[EXCERPTED RECORDS]

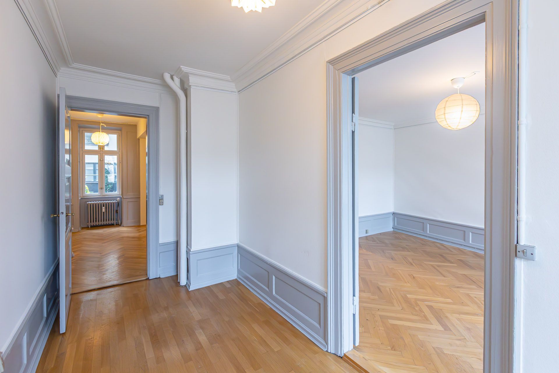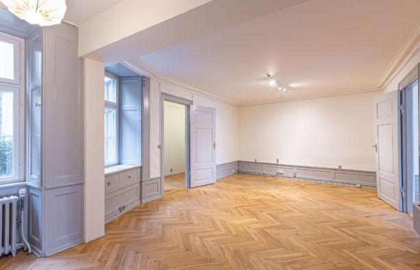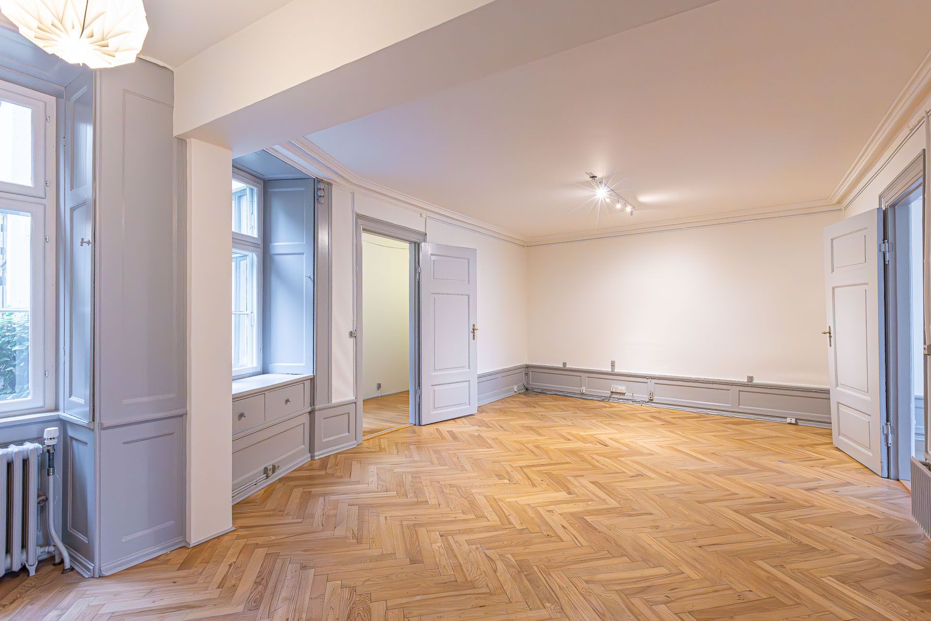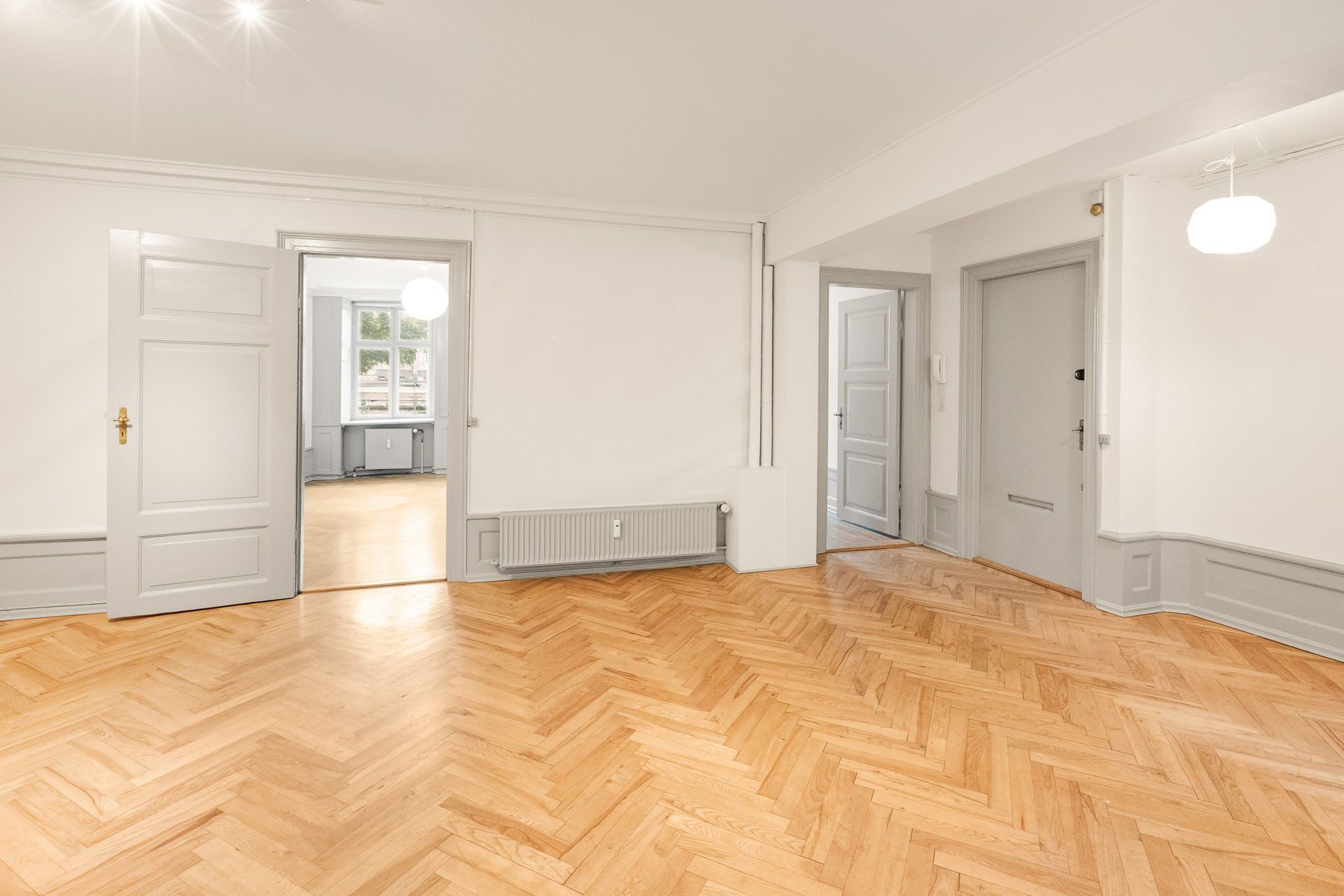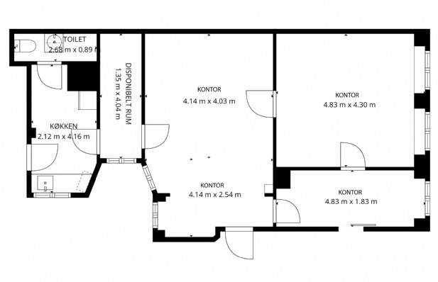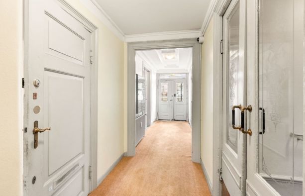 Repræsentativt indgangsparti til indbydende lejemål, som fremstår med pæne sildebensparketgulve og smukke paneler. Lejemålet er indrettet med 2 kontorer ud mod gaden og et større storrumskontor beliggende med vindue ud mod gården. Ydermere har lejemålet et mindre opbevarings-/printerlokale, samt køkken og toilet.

[/EXCERPTED RECORDS]
[EXCERPTED RECORDS]

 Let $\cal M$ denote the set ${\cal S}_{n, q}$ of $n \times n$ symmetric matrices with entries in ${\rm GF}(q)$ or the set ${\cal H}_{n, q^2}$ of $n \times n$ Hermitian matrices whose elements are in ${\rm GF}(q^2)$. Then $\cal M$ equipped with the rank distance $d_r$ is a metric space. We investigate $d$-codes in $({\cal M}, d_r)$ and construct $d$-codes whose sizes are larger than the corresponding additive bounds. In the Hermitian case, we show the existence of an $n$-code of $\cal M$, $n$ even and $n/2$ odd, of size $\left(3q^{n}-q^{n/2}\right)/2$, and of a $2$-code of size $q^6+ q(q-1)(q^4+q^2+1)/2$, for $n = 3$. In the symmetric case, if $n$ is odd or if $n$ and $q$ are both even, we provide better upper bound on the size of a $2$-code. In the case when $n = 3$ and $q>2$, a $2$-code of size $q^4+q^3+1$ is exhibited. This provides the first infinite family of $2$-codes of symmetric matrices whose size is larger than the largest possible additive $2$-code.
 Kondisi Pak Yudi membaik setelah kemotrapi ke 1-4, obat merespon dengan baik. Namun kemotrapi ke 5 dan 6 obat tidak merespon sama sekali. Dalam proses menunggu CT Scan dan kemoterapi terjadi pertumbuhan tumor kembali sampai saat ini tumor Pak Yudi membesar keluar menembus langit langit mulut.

[/EXCERPTED RECORDS]

▶ **WHAT TO PRODUCE**
Please copy, exactly and with nothing else, the lines above beginning at the line that has "Let $\cal M$" and ending with the line that has "Kondisi Pak Yudi".

▶ **RESPONSE TO THIS TASK**
 Let $\cal M$ denote the set ${\cal S}_{n, q}$ of $n \times n$ symmetric matrices with entries in ${\rm GF}(q)$ or the set ${\cal H}_{n, q^2}$ of $n \times n$ Hermitian matrices whose elements are in ${\rm GF}(q^2)$. Then $\cal M$ equipped with the rank distance $d_r$ is a metric space. We investigate $d$-codes in $({\cal M}, d_r)$ and construct $d$-codes whose sizes are larger than the corresponding additive bounds. In the Hermitian case, we show the existence of an $n$-code of $\cal M$, $n$ even and $n/2$ odd, of size $\left(3q^{n}-q^{n/2}\right)/2$, and of a $2$-code of size $q^6+ q(q-1)(q^4+q^2+1)/2$, for $n = 3$. In the symmetric case, if $n$ is odd or if $n$ and $q$ are both even, we provide better upper bound on the size of a $2$-code. In the case when $n = 3$ and $q>2$, a $2$-code of size $q^4+q^3+1$ is exhibited. This provides the first infinite family of $2$-codes of symmetric matrices whose size is larger than the largest possible additive $2$-code.
 Kondisi Pak Yudi membaik setelah kemotrapi ke 1-4, obat merespon dengan baik. Namun kemotrapi ke 5 dan 6 obat tidak merespon sama sekali. Dalam proses menunggu CT Scan dan kemoterapi terjadi pertumbuhan tumor kembali sampai saat ini tumor Pak Yudi membesar keluar menembus langit langit mulut.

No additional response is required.